The convention focused on the theme of transforming the upstream oil and gas industry with advanced data science solutions. The winning poster was selected among 40 submissions after being screened for the relevance of the topic to the conference theme and whether the novel idea being proposed would solve a standing pain-point existing within the industry.

“We did not want to restrict the submissions to just machine learning and analytics topics but were open to topics pertaining to data cleaning and adoption of cloud technologies that enable these machine learning algorithms,” said Anisha Kaul, a member of the convention committee who organized and screened the submitted abstracts. Judges Vikram Jayaram, Pioneer Natural Resources; Ana Krueger, Bluware; and Sribharath Kainkaryam, TGS, selected the winners based on these key criteria: Is the work reproducible at an industry level? How is it better than existing solutions? Do the methodology and the results  provide enough evidence of the project being technically sound? Commercially heavy content was discouraged and points were awarded for a well-structured presentation.

Click here to download the poster as a pdf.

Daniel Braga, the first author of the poster, shares the story behind the poster:

The idea for this poster came after I started working with drilling data and realized that the data cleaning part was taking much more time than estimated in our project timeline. During the project planning phase, we had our estimates in a Gantt chart, and at the time I thought “I keep reading that data cleaning and preparation is by far the most time-consuming part in any data science project. And I’ve heard also that drilling data quality is not good. These people should be over-reacting. I mean, besides some outlier cleaning and simple manipulations, we should be able to work with it easily in a couple of weeks.” Full 4 months had passed, and I was still cleaning the data.
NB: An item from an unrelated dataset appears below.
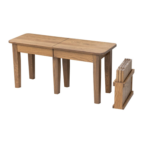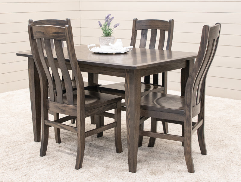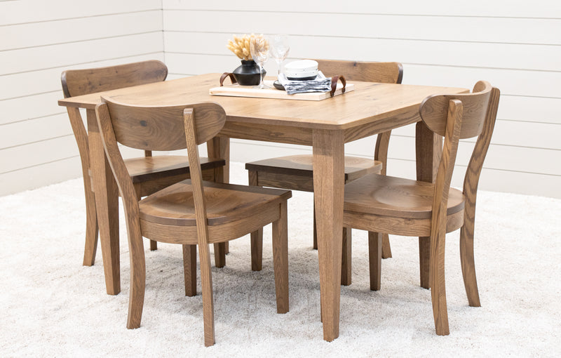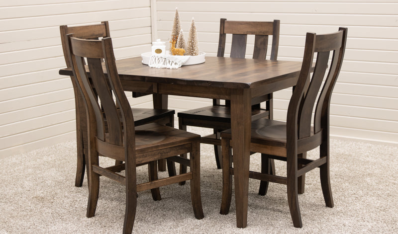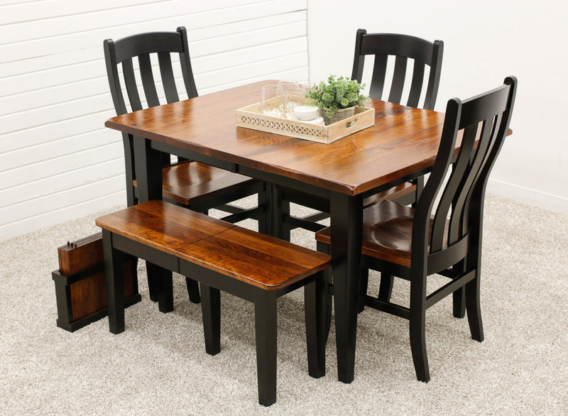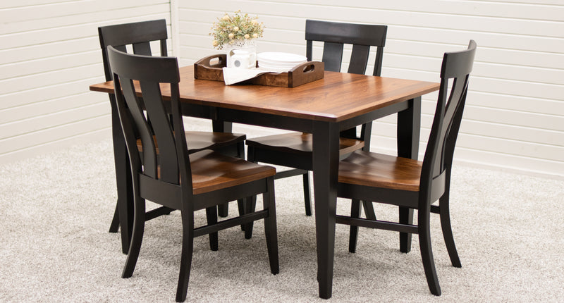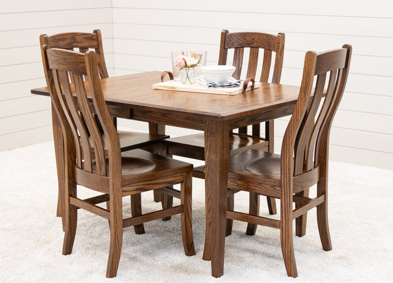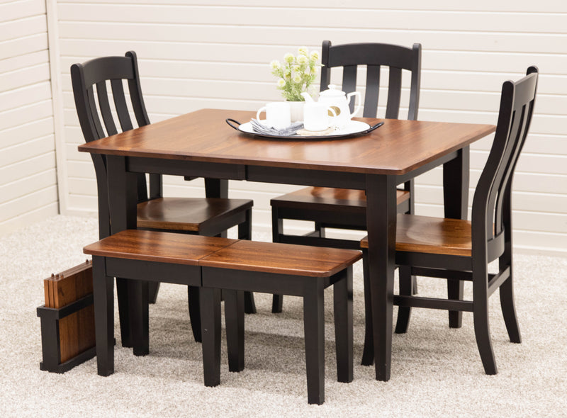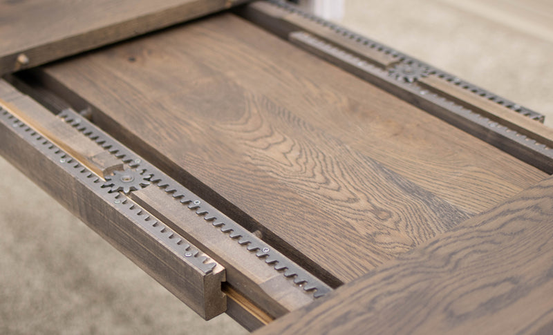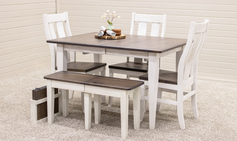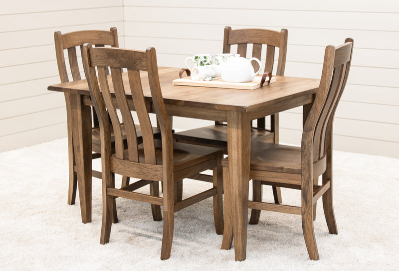 The Lakeland Shaker Dining Table features leaves that store inside the table. Every dining table is available in your choice of wood type and stain color.
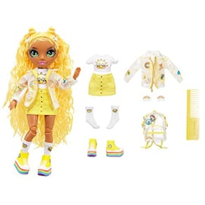 PRODUTO INTERNACIONAL. Rainbow High é a escolha perfeita para desenvolver a criatividade dos pequenos! Com os playsets inspirados nos alunos da Jr High, as crianças poderão voltar no tempo e conhecer seus personagens favoritos antes de se tornarem amigos. Este kit inclui uma boneca com novo esculpe facial mais jovem, roupa completa, acessórios para a escola e uma mochila de vinil macia.

The team involved in the project includes me, a mechanical engineer with around 3 years of experience in offshore drilling, and Branum Stephan from Legacy Directional Drilling, who has been working around the same time as me, but more focused in onshore directional drilling. We were backed by  expert advisors from Louisiana State University and Legacy Directional Drilling, who combined have more than 100 years of drilling experience. The point we wanted to show is that you don’t need a floor full of data scientists in order to do applied data science. Specially, if they will have to be trained in the specific domains that we operate in such as drilling, reservoir, and production, which can take a lot of time and effort. Of course, their knowledge can be very helpful, and I am sure that it would take much less time to do what we did here if we had a data scientist in our team. But in my opinion, the biggest bottleneck in our process was to identify what was wrong with the drilling data in the first place. We read a lot of papers, but most of them focus on the final – and the most interesting part – the analysis.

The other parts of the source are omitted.